И здесь обнаруживается возможный русский претекст поэзии Юсуповой: это, как ни покажется странным, поэзия Геннадия Айги. Мотив жертвоприношения часто возникает у Айги**, но оно всегда оправдано некоей всеобщей — согласно Кьеркегору — целью: «иное ли чистое — т а м? / свобода ль иная? / воздуха?.. — / ясного ль дня?» («Голод —1946», с неслучайным упоминанием Пасхи в эпиграфе) — во имя этого можно и должно Аврааму убить Исаака, а Эдипу лишиться зрения. Юсупова, в этих категориях Кьеркегора, делает выбор в пользу единичного, ей важна судьба именно этого загнанного в ловушку гея («Чижик», «Памяти Смитти») или именно этой известной поэтессы («Отражения Риты Джо»). Этот выбор вытекает из «кризиса различий», описанного Жираром, из ситуации, когда (после Эдипа) «взаимность насилия <...> становится всеобъемлющей», «не остаётся области жизни, недоступной насилию»***: только единичное заслуживает внимания в мире, существующем в логике аномии. Но оно и в наибольшей степени беззащитно перед Властью и Роком, сходящимися в ритуале жертвоприношения: уничтожение единичного — единственное, что обеспечивает возможность коммуникации в мире, утрачивающем символическое измерение. Так, лишь смерть Чижика позволяет проявиться минимуму человеческого в представителях Власти, прежде связанных с ним исключительно отношениями криминальной природы:
... Чижик всем делал колёса —
и менту, что взломал дверь, когда другие менты отказались,
потому что ты повесился в квартире без прописки,
и работнику морга, согласившемуся положить тебя в холодильник
<...>
И сторожу кладбища ты тоже делал колёса,
он выбрал для тебя удобный участок —
у перекрёстка, и насыпал много песка, чтобы могила не проседала...

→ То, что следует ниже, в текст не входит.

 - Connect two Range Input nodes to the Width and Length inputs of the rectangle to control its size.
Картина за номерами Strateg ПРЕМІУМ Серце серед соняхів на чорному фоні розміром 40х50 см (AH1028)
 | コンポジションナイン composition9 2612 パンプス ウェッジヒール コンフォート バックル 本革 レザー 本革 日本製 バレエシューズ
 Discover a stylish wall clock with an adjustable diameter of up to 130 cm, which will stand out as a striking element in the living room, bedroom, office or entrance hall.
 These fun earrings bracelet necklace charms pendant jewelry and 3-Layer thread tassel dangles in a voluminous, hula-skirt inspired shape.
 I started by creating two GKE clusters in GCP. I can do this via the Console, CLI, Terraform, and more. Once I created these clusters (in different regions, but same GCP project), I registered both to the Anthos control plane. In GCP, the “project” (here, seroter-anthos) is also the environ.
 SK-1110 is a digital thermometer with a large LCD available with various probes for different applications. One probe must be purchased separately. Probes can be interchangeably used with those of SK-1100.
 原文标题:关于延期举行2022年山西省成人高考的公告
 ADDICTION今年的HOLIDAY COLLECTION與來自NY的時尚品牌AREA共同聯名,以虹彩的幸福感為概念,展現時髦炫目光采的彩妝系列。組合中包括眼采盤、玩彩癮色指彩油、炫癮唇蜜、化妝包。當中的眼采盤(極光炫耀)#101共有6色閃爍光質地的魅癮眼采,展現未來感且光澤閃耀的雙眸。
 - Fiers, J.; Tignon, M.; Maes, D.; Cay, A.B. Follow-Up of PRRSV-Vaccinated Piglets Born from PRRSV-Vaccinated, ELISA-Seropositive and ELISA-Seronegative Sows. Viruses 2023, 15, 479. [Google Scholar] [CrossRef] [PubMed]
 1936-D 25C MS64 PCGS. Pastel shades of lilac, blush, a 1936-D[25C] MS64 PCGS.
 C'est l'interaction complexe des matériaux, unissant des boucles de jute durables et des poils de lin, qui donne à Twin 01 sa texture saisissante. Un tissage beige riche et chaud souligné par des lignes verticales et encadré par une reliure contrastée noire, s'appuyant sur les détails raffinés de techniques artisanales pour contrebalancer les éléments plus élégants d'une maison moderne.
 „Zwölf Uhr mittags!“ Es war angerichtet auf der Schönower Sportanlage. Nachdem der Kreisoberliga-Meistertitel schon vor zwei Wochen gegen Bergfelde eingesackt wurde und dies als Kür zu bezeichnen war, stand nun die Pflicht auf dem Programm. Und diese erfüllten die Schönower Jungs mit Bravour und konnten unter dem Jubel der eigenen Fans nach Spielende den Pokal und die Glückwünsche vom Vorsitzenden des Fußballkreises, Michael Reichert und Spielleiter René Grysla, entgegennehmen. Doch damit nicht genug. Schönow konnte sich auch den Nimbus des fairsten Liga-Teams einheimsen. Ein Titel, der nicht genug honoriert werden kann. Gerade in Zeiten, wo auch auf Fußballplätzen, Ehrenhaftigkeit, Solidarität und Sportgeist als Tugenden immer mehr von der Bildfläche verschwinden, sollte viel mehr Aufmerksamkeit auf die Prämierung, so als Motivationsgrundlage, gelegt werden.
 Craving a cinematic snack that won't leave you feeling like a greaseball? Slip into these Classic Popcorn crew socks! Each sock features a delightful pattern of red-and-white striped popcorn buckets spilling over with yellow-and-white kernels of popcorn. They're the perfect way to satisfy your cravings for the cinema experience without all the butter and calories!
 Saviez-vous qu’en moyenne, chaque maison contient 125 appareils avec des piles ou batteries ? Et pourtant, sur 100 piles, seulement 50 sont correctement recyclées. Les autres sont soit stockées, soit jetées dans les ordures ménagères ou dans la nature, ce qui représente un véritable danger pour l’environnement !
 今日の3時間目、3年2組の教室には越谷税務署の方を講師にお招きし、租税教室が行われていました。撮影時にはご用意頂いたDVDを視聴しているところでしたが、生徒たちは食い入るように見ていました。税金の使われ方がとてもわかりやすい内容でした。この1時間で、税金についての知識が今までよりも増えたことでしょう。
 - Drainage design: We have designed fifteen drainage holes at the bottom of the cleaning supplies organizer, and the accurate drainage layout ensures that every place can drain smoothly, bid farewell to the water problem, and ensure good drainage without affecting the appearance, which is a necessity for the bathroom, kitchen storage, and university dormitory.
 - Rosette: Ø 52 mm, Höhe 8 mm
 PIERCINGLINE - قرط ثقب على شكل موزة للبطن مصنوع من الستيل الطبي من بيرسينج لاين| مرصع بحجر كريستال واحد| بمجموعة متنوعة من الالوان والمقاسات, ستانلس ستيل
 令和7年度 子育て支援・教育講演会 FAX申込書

Может показаться, что описываемый Юсуповой мир находится в ожидании благой вести, — но в то же время автор прекрасно понимает, что вмешательство трансцендентного может разрушить и без того фрагментированный, распавшийся на единичности универсум. Следы этого можно обнаружить в тексте «Ритуал С-4», давшем название книге стихов Юсуповой: в нём фрагментация «связывает» убийцу и жертву, но если у первого раскалывается сознание, то у второго речь:
де
лаю
круг
и
бл
ик
и
по
являю
тс
я
и
з
то
го
ч
то
не
з
на
ю
В модернистской парадигме Геннадия Айги оказывается возможно собрать универсум волевым (демиургическим) жестом. Юсупова может противопоставить фрагментации и бесчеловечным ритуалам только любовь, лишь на мгновение покидающую авторское воображаемое:
я вижу разноцветные огоньки слова не образующие связного текста поступки не поддающиеся понимаю
и в них я ищу любовь
для возвращения смысла
Ролан Барт во «Фрагментах речи влюблённого» сетовал на то, что факт смерти (любимого) рано или поздно становится лишь темой для разговора. Юсупова, не отрицая дискурсивную природу своей любви к персонажам, пытается показать, что она является не только репликой, брошенной в пустоту: «я знала что кто-то лучше меня спасает его / поэтому он здесь он живой». Любовь как секулярная форма спасения позволяет изъять человека из тотальной логики ритуального насилия. Любовь словно бы сводит автора и читателей в некое случайное множество, возникшее в момент чтения: логика всеобщего приостанавливается, и проявляется единичное, «которому первое место в раю и Божий поцелуй» (Евгений Харитонов).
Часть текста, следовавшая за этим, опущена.